LONDON – England – The Work and Pensions Secretary, Iain Duncan Smith has introduced a last minute voter placating deal that many say is a little too late for any sort of fix to the mass EU deluge that will occur in January 2014.
Iain Duncan Smith, the Work and Pensions Secretary, has announced that he wants benefits tourists to speaka da Eenglish.
That’s why half of Eastern Europe are now swotting up on episodes of Eastenders and Jeremy Kyle.
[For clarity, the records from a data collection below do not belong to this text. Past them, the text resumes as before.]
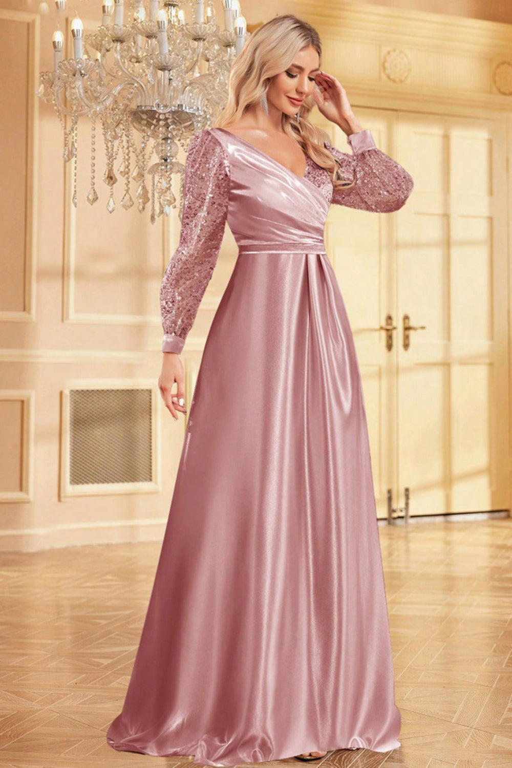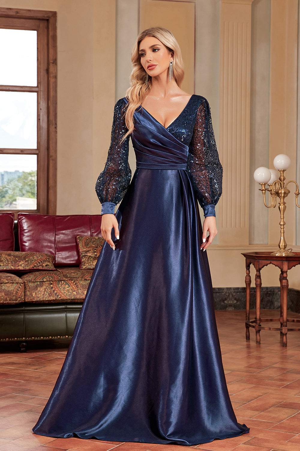 Navy Sequin Long Sleeves A Line Mother Of The Bride Dress
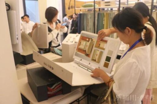 在騰川?布老虎展廳里面漫漫人群中穿梭,不時(shí)見到加盟客戶拿起手機(jī),拍下窗簾的某些細(xì)節(jié),嘴里不住地說著“這個(gè)好看”、“這個(gè)合適”等語。有的人逛累了,就直接坐在休息區(qū)的軟椅上,拿著訂貨單,品品咖啡,聊聊天,如在家中一般自在,騰川?布老虎展廳有著特別濃厚的生活氣息,令人倍感溫馨。
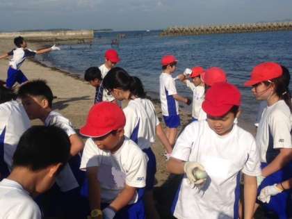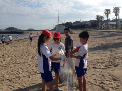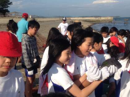「とれとれピチピチ〜♪」と声が聞こえてきます。たくさんの魚介類に大興奮。後片付け,浜清掃もがんばりました。
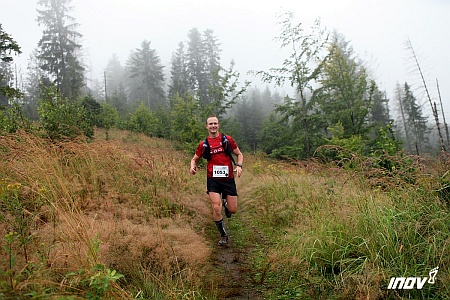Szybko znika z pola widzenia, dogania mnie jeszcze dwóch zawodników, reszta za mną już człapie podobnym tempem. Straciłem rachubę, nie wiem, na jakim miejscu mogę być. Trzymam się dwóch osób, od czasu do czasu podbiegam, ponieważ oni maszerują wyraźnie szybciej ode mnie. To też jest dla mnie zagadka do rozwikłania w najbliższym czasie - pod górę jestem po prostu wolny. Jak nie podbiegam od czasu do czasu, to rzadko udaje mi się osiągnąć pod górę wynik lepszy niż 10 min/km. W sumie, gdzieś mnie to cieszy, bo jest tak sporo do poprawy, że efekty tej poprawy na pewno będą widoczne. Tylko trzeba znaleźć właściwą metodę treningową. No właśnie, jakby to tak ułożyć, żeby było dobrze...? Tak się zamyśliłem nad swoim losem, że pomyliłem trasę. Z półsnu wyrwał mnie głos biegacza w czerwonej koszulce. Co się tu właściwie stało? Pomaszerowałem na wprost, podczas gdy szlak odbijał w lewo do Mładej Hory. Nie ma tego złego, właśnie mam kolejną wymówkę, jakby co. Zaczyna się łagodny zbieg, przyspieszam, uciekając i goniąc zarazem. Nie chcę już oddać swojej pozycji, jaka by nie była.
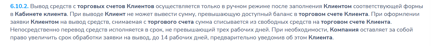 Вывод средств может блокироваться до 14 дней, а при расторжении договора вообще придется ждать около месяца, причем владельцы запрещают распространять любую негативную информацию о себе.
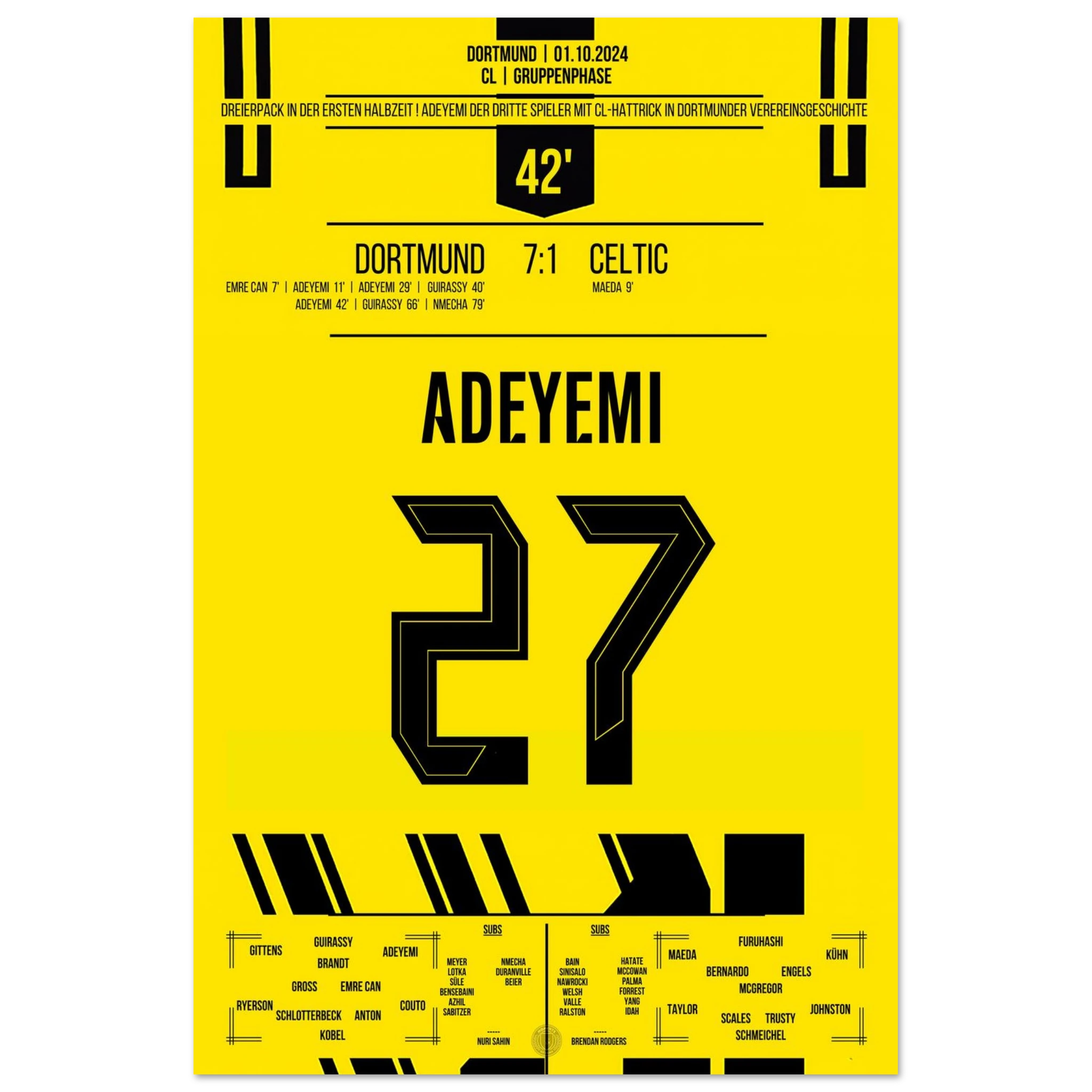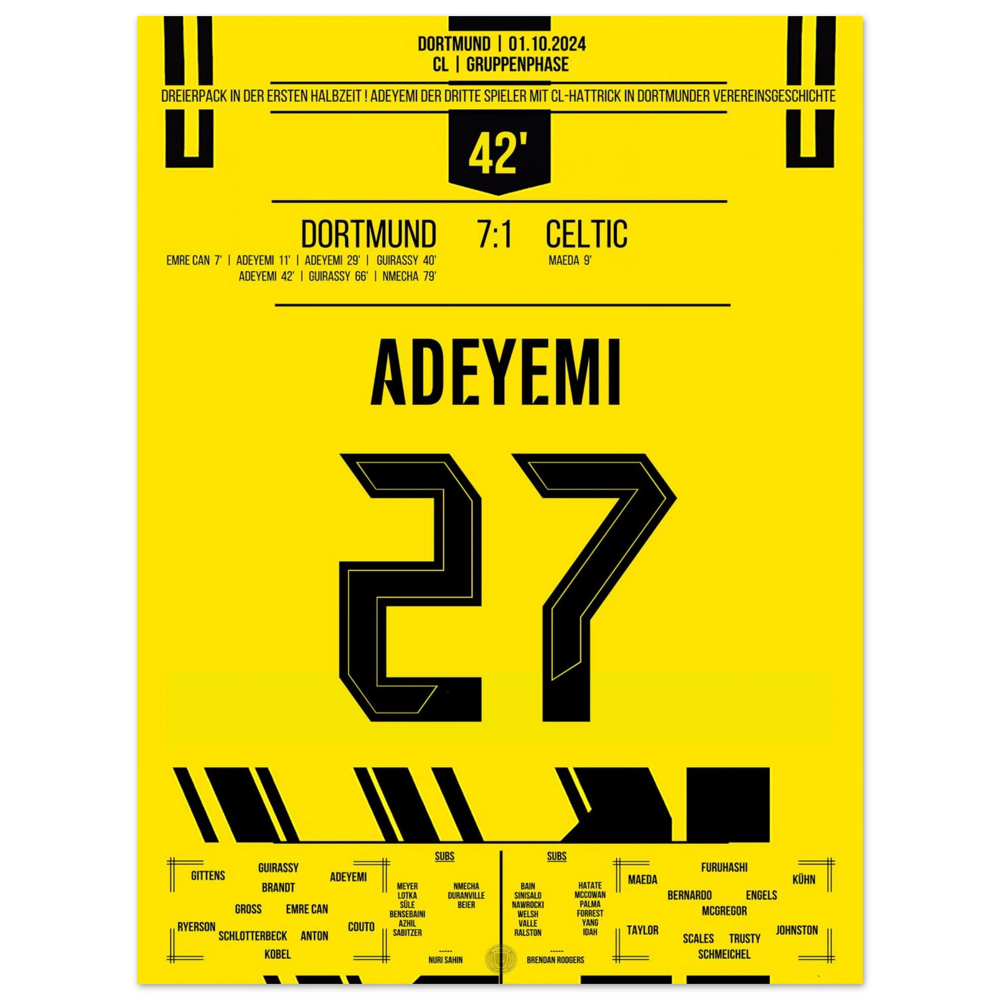Unser Poster feiert Adeyemis magische Nacht – pure Explosivität in Schwarz und Gelb, festgehalten für die Ewigkeit.

Igor Maliocu, a professional pickpocket from Romania had this to say about the whole IDS scheme: “‘Ere would you Adam and Eve it, I ‘ad a butchers at my local linen and saw this Iain Duncan Smith heap talkin’ bangers and mash. It’s all gone a bit Nick Cotton innit? Well you’re ‘avin’ a laaf me ol’ China. When me and my Jimmies come over in January 2014, we’re gonna ‘alf inch his Nat King Cole, wevva ‘e likes it or not. All it took wuzz a couple o’ episodes o’ Eastenders and me and my Gareth Gates w-w-w-w-w-wuzz ‘avin’ a Todd. Naah, ‘e can Vincent Van Gogh, the putrefying Richard. You’se lot got me angry, I’m gonna pop out naah for a gypsy’s ‘n’ when I come back I want ma bees ‘n’ honey.”